Point well-taken, but there's an answer to that of course... the end zone is
the unique place "anywhere else on the field." It's inherently the end of the line, like nowhere else on the field. Once you cross the ball crosses that threshold, everything changes.
The fumble
has to reward someone, either the offense or the defense.
One may reply, "Well yes, but if a fumble goes into the end zone under the Holy Roller (Dave Casper) rule, and someone on offense other than the fumbler recovers in the end zone, then the ball goes back to where it was fumbled... which is exactly what we're pleading for here."
But wait. Notice "someone
on offense...
recovers in the end zone." That still is a difference... if someone on
defense recovers, then it self-evidently is a touch back.
This, again, is self-evidently a situation where there is no third option.
Could you choose to treat it like a Holy Roller play without catastrophically affecting the game, yes.

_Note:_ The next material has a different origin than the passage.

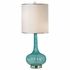 1281-ASL-2192 Thumprints Isabella Blown Glass Table Lamp in Translucent Turquoise / Polished Nickel with Off White Shantung Silk with Nickel Trim Shade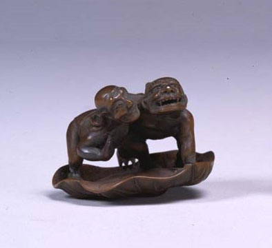 江戸時代・19世紀高3.0線刻銘「鴇楽民」東京国立博物館郷誠之助氏寄贈蓮の葉の上で鬼と羅漢が相撲をする意匠。同じく郷コレクションの「鴇楽民」銘「鬼羅漢角力牙彫根付」と同じ構図である。ColBaseには他のコレクションとまとめて撮りされた画像...

You could. I won't lose sleep.
But the Holy Roller play doesn't involve an out-of-bounds situation. And the ordinary fumble out-of-bounds situation doesn't involve the end zone. When you have both elements, and you add to that the proposition that most often the defense
causes that fumble... it doesn't just drop out of Dave Casper's hands on its own... advantage, defense, imo... and there's just no compelling reason to change history on this one.
Footnote: Yes, I'm the same guy proposing an overhaul to the NFL's set-up, including conference structure and schedule format. (See NFL Zone "re-envisioned" thread.)
Because? Because there are benefits to be had. And so, it's not like I'm anti-change, obviously.